------ Material provided
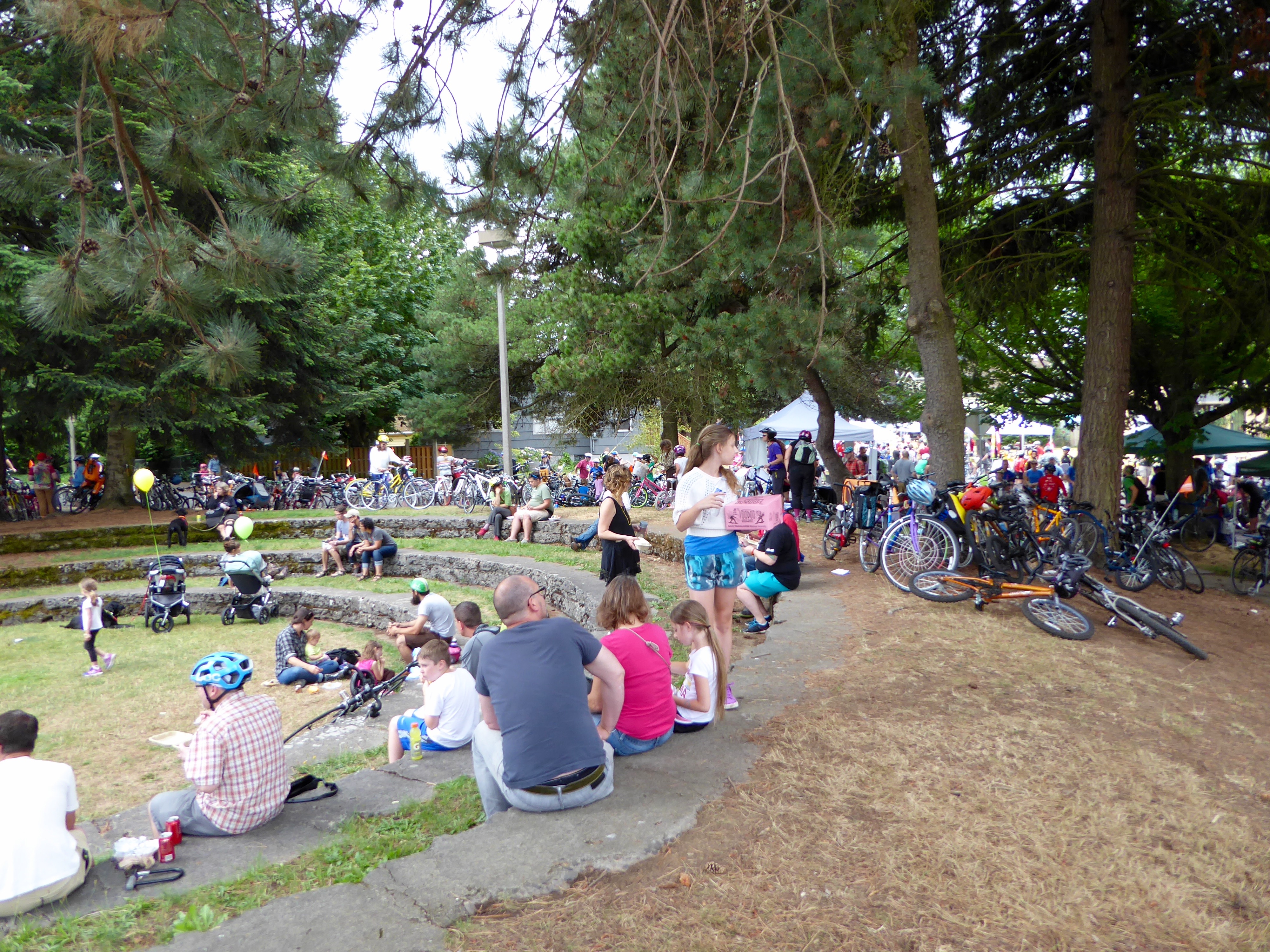 At the Portland Sunday Parkways event there were opportunities to sit down and listen to music, people-watch, or whatever. However, this was the payoff after riding your bike a mile or two to one of the four parks along the open streets route.
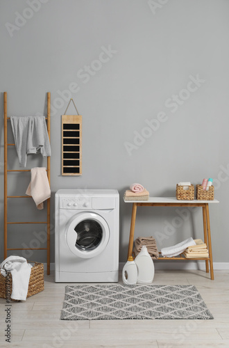 © New Africa, Obraz premium Washing machine, ladder, detergents, basket, laundry and storage bench indoors
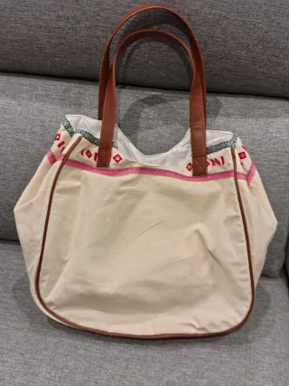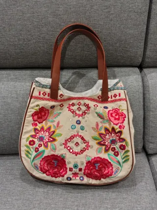 Borsa con un design unico e colorato, perfetta per aggiungere un tocco di stile. - Ricami floreali vivaci. - Dettagli con specchietti e perline. - Manici in ecopelle marrone. - Finiture con bordino marrone ecopelle Chiusura a calamita Interno foderato
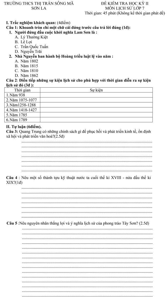 Đề kiểm tra học kì II môn Lịch sử lớp 7 - Trường THCS Thị trấn Sông Mã, Sơn La
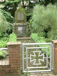 In einer kleinen Anlage auf einem Natursteinsockel ein Findling, darauf ein Eisernes Kreuz, aufgesetzte Tafel mit Inschrift.
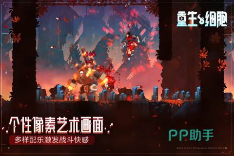 《重生细胞》把细腻的像素美学和高频率的生死轮回玩法定义在一起,给玩家带来一种动感的竞技乐趣。玩家控制着有寄生能力的细胞,在不断变化的地下城堡中寻找出路、探寻自身来历。该游戏的核心玩法主要考验玩家对于武器组合和节奏控制的直觉,在大量敌人围攻的情况下,残血时依靠一次完美的盾反迅速回复生命值并反杀全场的瞬间,给玩家带来心跳加速的对抗快感。
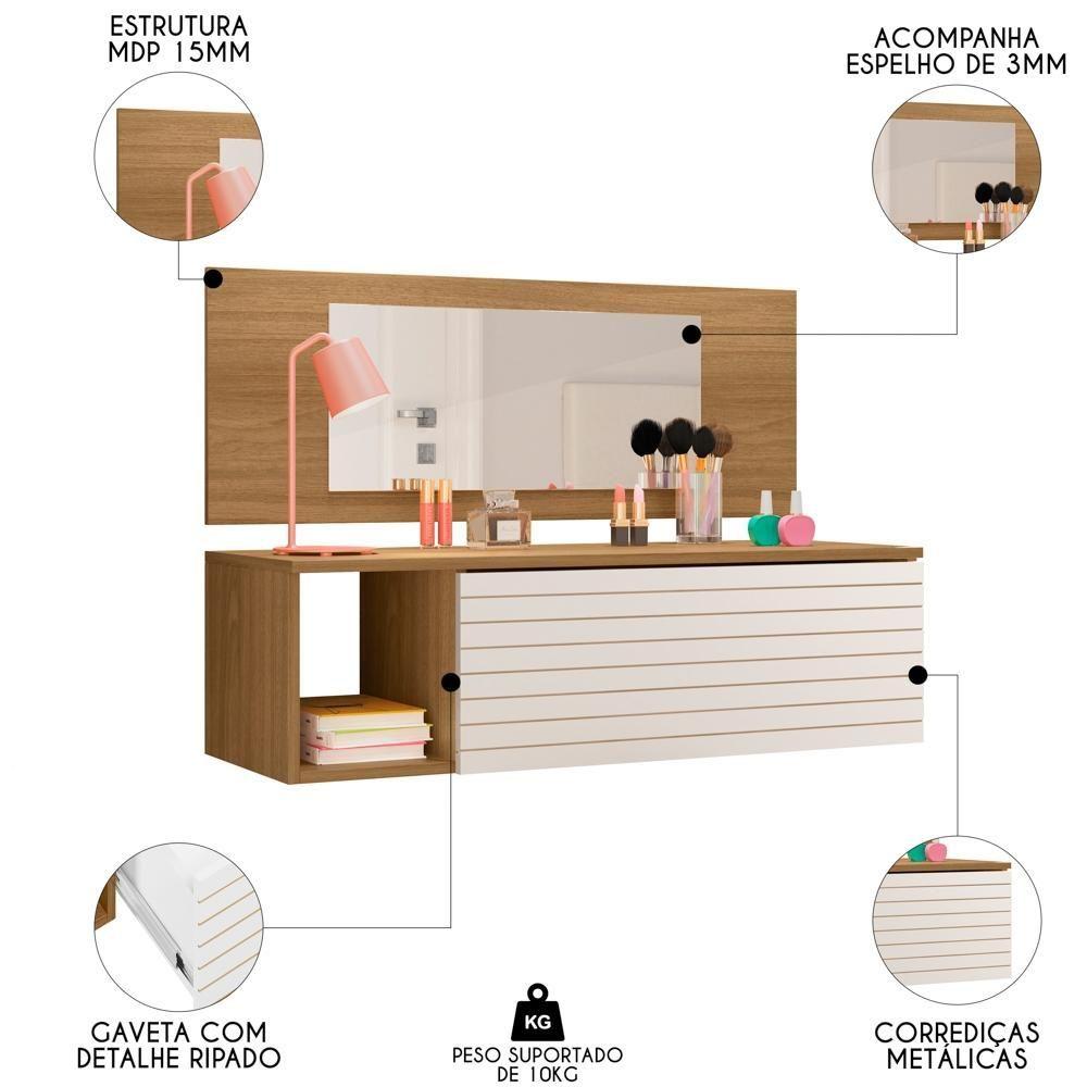 - Penteadeira Suspensa Com Painel E Espelho Joy P14 Nature/branco - Mpozenato
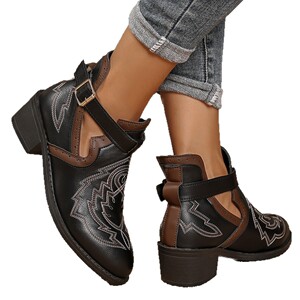 跨境外贸大码秋季女式皮带扣马丁靴复古尖头粗跟刺绣民族风女靴子
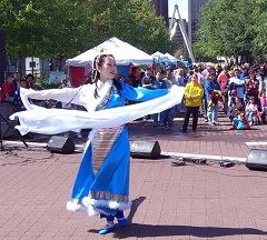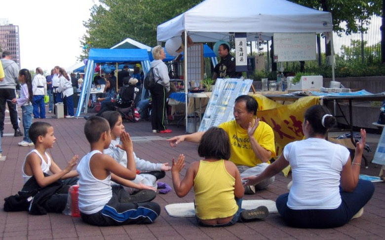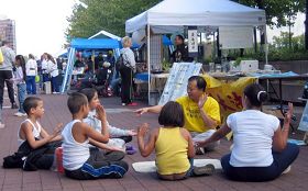 【明慧网二零零七年九月二十五日】二零零七年九月十五日,在美国康州哈特福(Hartford)的河前广场(Riverfront Plaza) 举办了第七届亚洲节日与龙舟竞赛。法轮功学员在集会上摆设真相摊位、并参加舞台演出,节目包括:展示法轮功功法、二胡演奏“普度”和舞蹈,吸引了许多有缘人前来了解法轮功真相和一些小朋友来学炼法轮功。
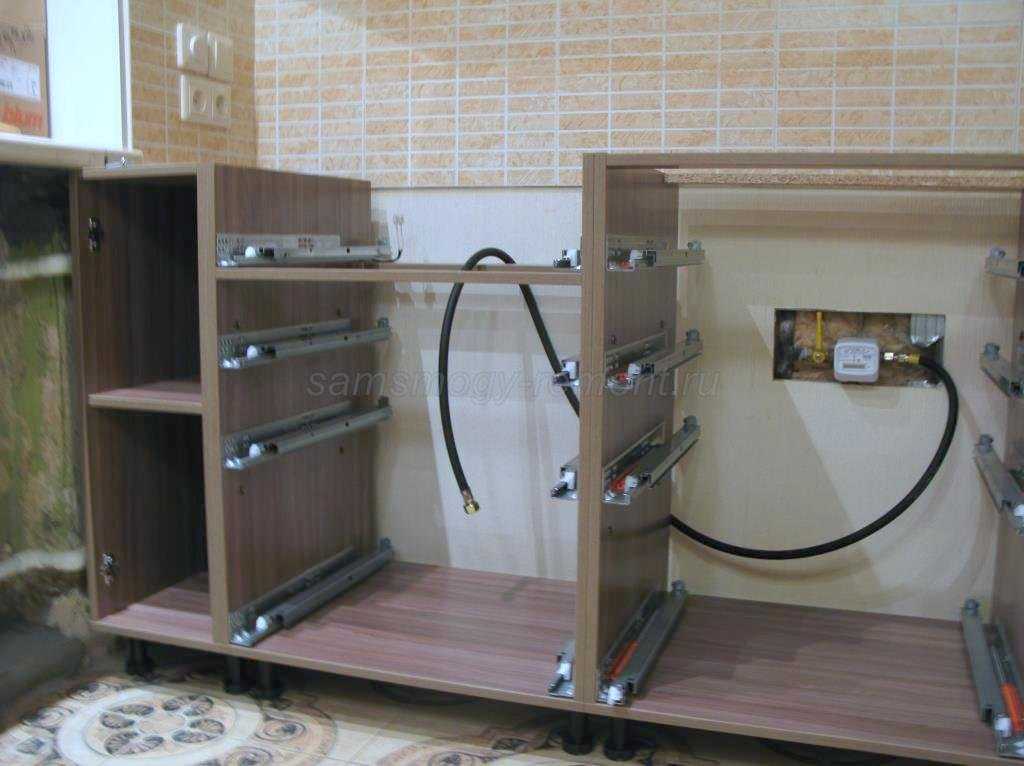 В мойках планки устанавливаются вертикально – чтобы не мешать врезу мойки. Специфичный шкаф-тумба под встройку духового шкафа установки планок не требует.
------------
## Description of the task
Keep the pictures out of your answer, which should be the lines from the one with "In einer kleinen" through the final line of the data, copied exactly.

## Solution to this problem
 In einer kleinen Anlage auf einem Natursteinsockel ein Findling, darauf ein Eisernes Kreuz, aufgesetzte Tafel mit Inschrift.
 《重生细胞》把细腻的像素美学和高频率的生死轮回玩法定义在一起,给玩家带来一种动感的竞技乐趣。玩家控制着有寄生能力的细胞,在不断变化的地下城堡中寻找出路、探寻自身来历。该游戏的核心玩法主要考验玩家对于武器组合和节奏控制的直觉,在大量敌人围攻的情况下,残血时依靠一次完美的盾反迅速回复生命值并反杀全场的瞬间,给玩家带来心跳加速的对抗快感。
 - Penteadeira Suspensa Com Painel E Espelho Joy P14 Nature/branco - Mpozenato
 跨境外贸大码秋季女式皮带扣马丁靴复古尖头粗跟刺绣民族风女靴子
 【明慧网二零零七年九月二十五日】二零零七年九月十五日,在美国康州哈特福(Hartford)的河前广场(Riverfront Plaza) 举办了第七届亚洲节日与龙舟竞赛。法轮功学员在集会上摆设真相摊位、并参加舞台演出,节目包括:展示法轮功功法、二胡演奏“普度”和舞蹈,吸引了许多有缘人前来了解法轮功真相和一些小朋友来学炼法轮功。
 В мойках планки устанавливаются вертикально – чтобы не мешать врезу мойки. Специфичный шкаф-тумба под встройку духового шкафа установки планок не требует.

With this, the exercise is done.